Our human dignity depends a great deal on “how I appear” or “how others see me in terms of how I appear,” Chochinov said.

Dignity is not “simply about offering lethal injections,” but “attending to physical needs, managing symptoms as best we can” and depends a great deal on how caregivers “impart affirmation that you are important.”

“The single predictor of a lost sense of dignity is if you look in the eye of a health care provider and only see your illness,” he said. He put up a slide on the big screens in the hall showing an elderly man sitting in a room where one could see books lining one wall, and other signs of a life full of varied experience.

Instead of seeing a patient with an illness, the new “Dignity in Care” model for palliative care seeks to have health care providers see the whole patient in his or her human dignity, he said.
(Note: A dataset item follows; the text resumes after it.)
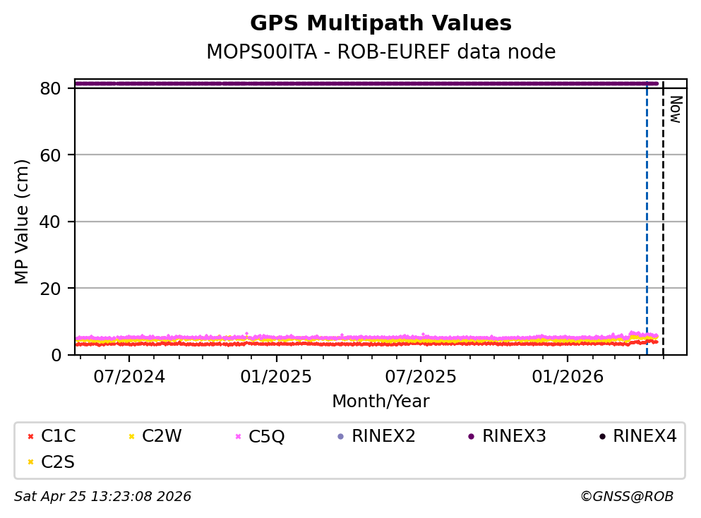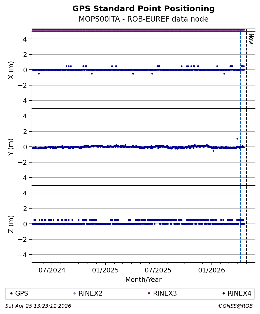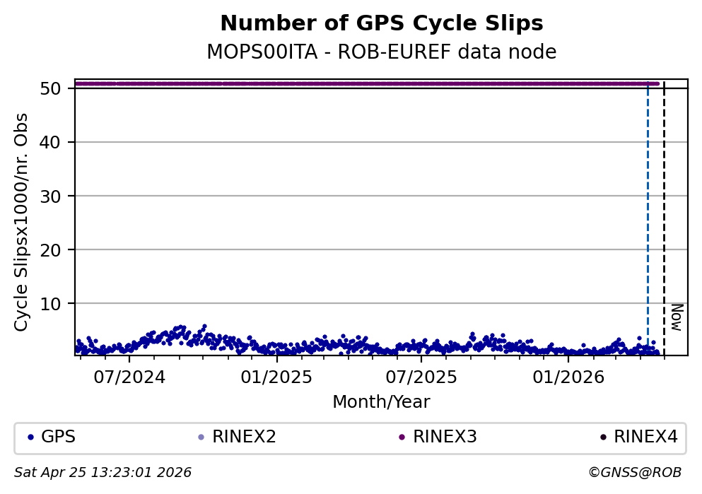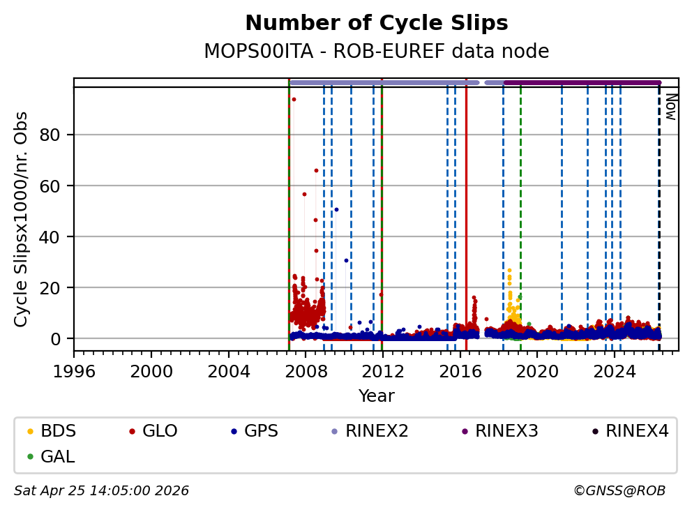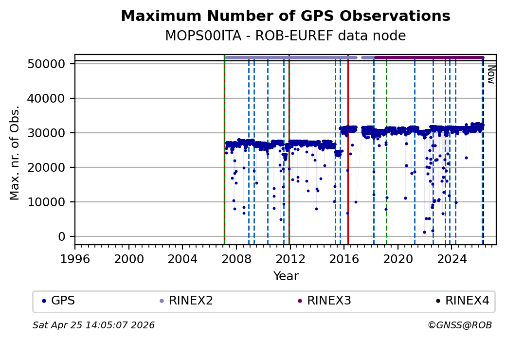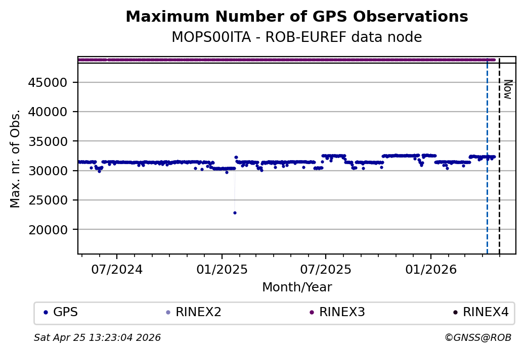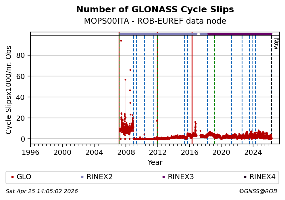 The plots below present the long-term tracking performance of the EPOS-GNSS station MOPS00ITA based on the daily RINEX data available from the ROB-EUREF EPOS-GNSS data node. The data quality metrics have been computed at the data node using the G-Nut/Anubis software.

Fletcher, who represented the libertarian view on PAD, said he considered the Carter decision “very conservative” because of its stress on “autonomy” and the ability of individuals to control their own lives.

The MP and former cabinet minister, who experienced terrible physical suffering after his vehicle collided with a moose in 1996, leaving him a quadriplegic, supports the “right” of competent adults to ask for help in terminating their lives when facing unbearable suffering.

It’s a very conservative decision because it is all about autonomy and the ability of individuals to control their own lives, he said.